Watch Your Customers “Get the Job Done” for the Best Web Design
A common goal every website and every web design should have is to provide solutions to problems experienced by its visitors. In this context, content is created to address problems potential customers are trying to resolve, and the site’s calls-to-action or conversion points represent the beginning of your company’s intent to fulfilling its user’s needs. Unfortunately, the focal word in the previous sentence is “should”.
Peter Drucker asserted that “customers rarely buy what companies think they are selling” and this is proven by the accepted “mal-practices” for new websites and website redesigns. At the start of many new web development initiatives, discussions gravitate around decorative preferences, functional requests, and non-essential elements before investigating the site visitor’s needs. While each of these points merit attention, they should not be examined until later in the process.
Any decisions pertaining to a website’s interface should be made within the context of the place where your users’ needs and your company’s business objectives intercede. The misalignment between a web design and its usefulness to a user stems from companies assuming or neglecting the needs of its visitors before thinking of decorative and topical aspects of a website.
What is the Job at Hand?
When undertaking a web development project, attention should be given first to understanding the job customers are trying to accomplish when they arrive on a website, while in their “natural” environment. Being on location with your clients provides insight on issues central to your exploration, and opens your view to peripheral concerns that influence your potential customer’s decisions and behaviors.
On location doesn’t always mean you need to physically be on site with your customers, although if that is possible, it’s the ideal scenario. On location can mean “watching” from a retail location through a secret shopper, observing from a distribution site that services your customers, or even getting recon from a client’s team member on site in their location. Ideally, this recon is done through observation and interaction.
Some companies try to understand customer needs by asking them directly using tools like focus groups or surveys, but asking people to tell you what they want only gets you so far. While surveys, focus groups, website analytics, secondary research about your target audience are all helpful, they should be used in orchestration with “on site” observation, if possible, to triangulate any formulated conclusion. Here’s why. As the anthropologist Margaret Mead said “What people say what people do and what people say they do are entirely different things.”
Golden opportunities surface when you watch people use workarounds to get their jobs done. Workarounds are needed because what’s available isn’t always good enough. It’s these gaps exhibited off-line and in web design, these roadblocks, that cause people to find a work around that become opportunities for correction, improvement and innovation in your website development strategy. Not witnessing this scene first hand, you would not be aware of this particular problem. By using this knowledge as the foundation, filter, and focus for future decisions, you’re web design and development will always translate favorably to your website’s visitors’ needs.
Watch with an Open Mind and Objective Eyes
When observing, it is important to forget everything you know, avoid assumptions, and eliminate the concept of “common sense.” To make the most of your observations, it takes a “beginner’s mind” of openness, eagerness, and lack of preconceptions. With this mindset, you’ll begin to notice the hidden obvious – and only after it’s noticed does it become obvious.

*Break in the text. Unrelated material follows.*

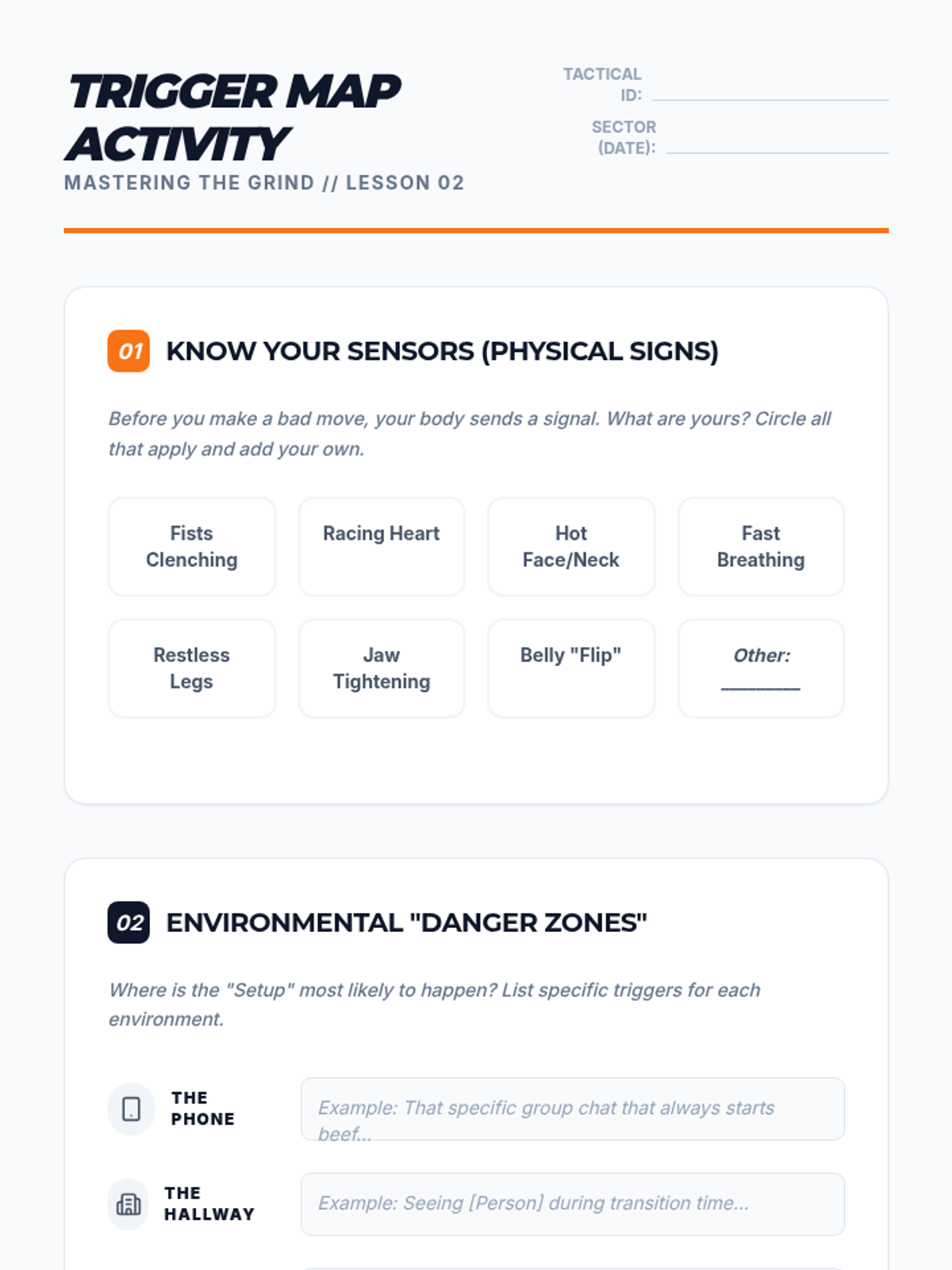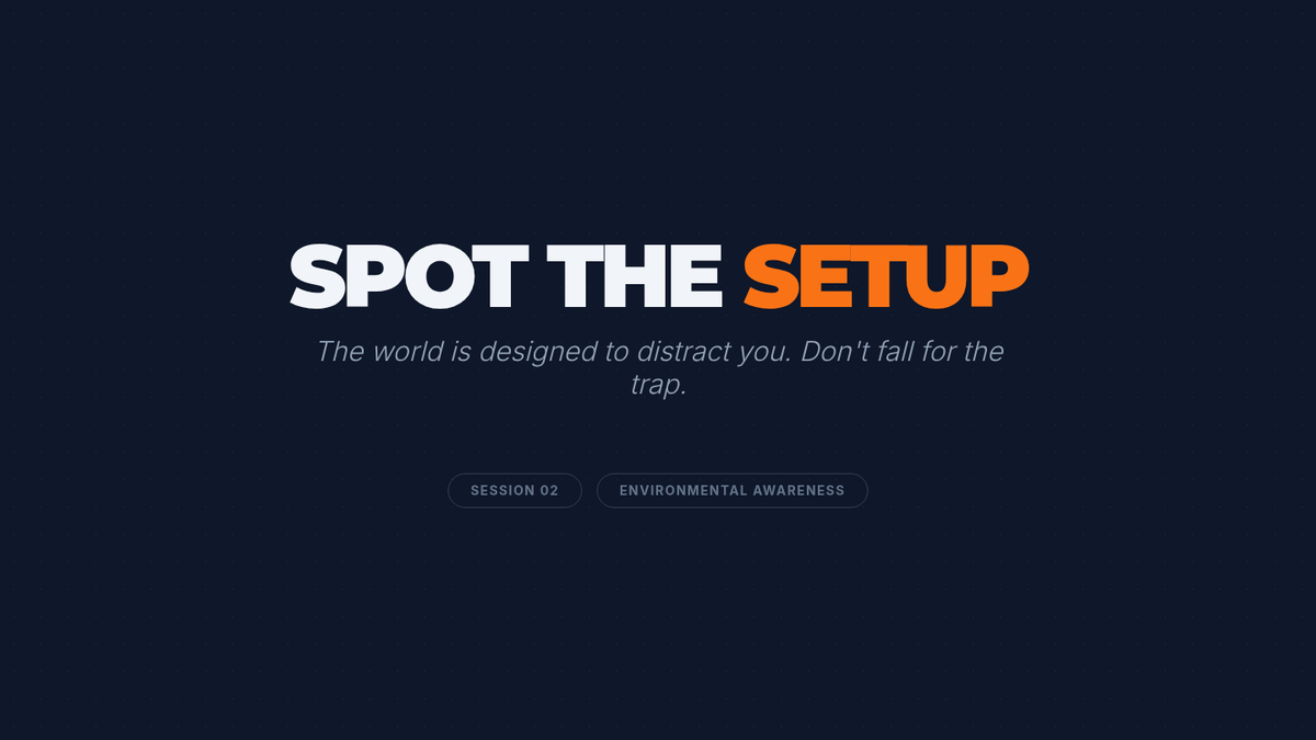 Students identify internal and environmental 'setups'—triggers that lead to self-sabotage. They create tactical maps of their daily routines to anticipate and bypass distractions in an urban school environment.

The purpose in this approach to web development is to help you provide informed design oriented input for your new website that anticipates and cooperates with its users. Good design flows smoothly and naturally without calling attention to itself or getting in the way. Good design contributes to the achievement of goals and works within the parameter of constraints. When a new website is designed for human-computer interaction, with user needs at the center of a collaborative and iterative process, it becomes a usable and useful website that cooperates with people. It allows your visitors to efficiently and effectively get their jobs done.
If you patiently observe your customers attempting to achieve their goals with an open mind, you will discover the hidden obvious, which will lead to novel breakthrough ideas to help visitors achieve the jobs they are trying to accomplish online.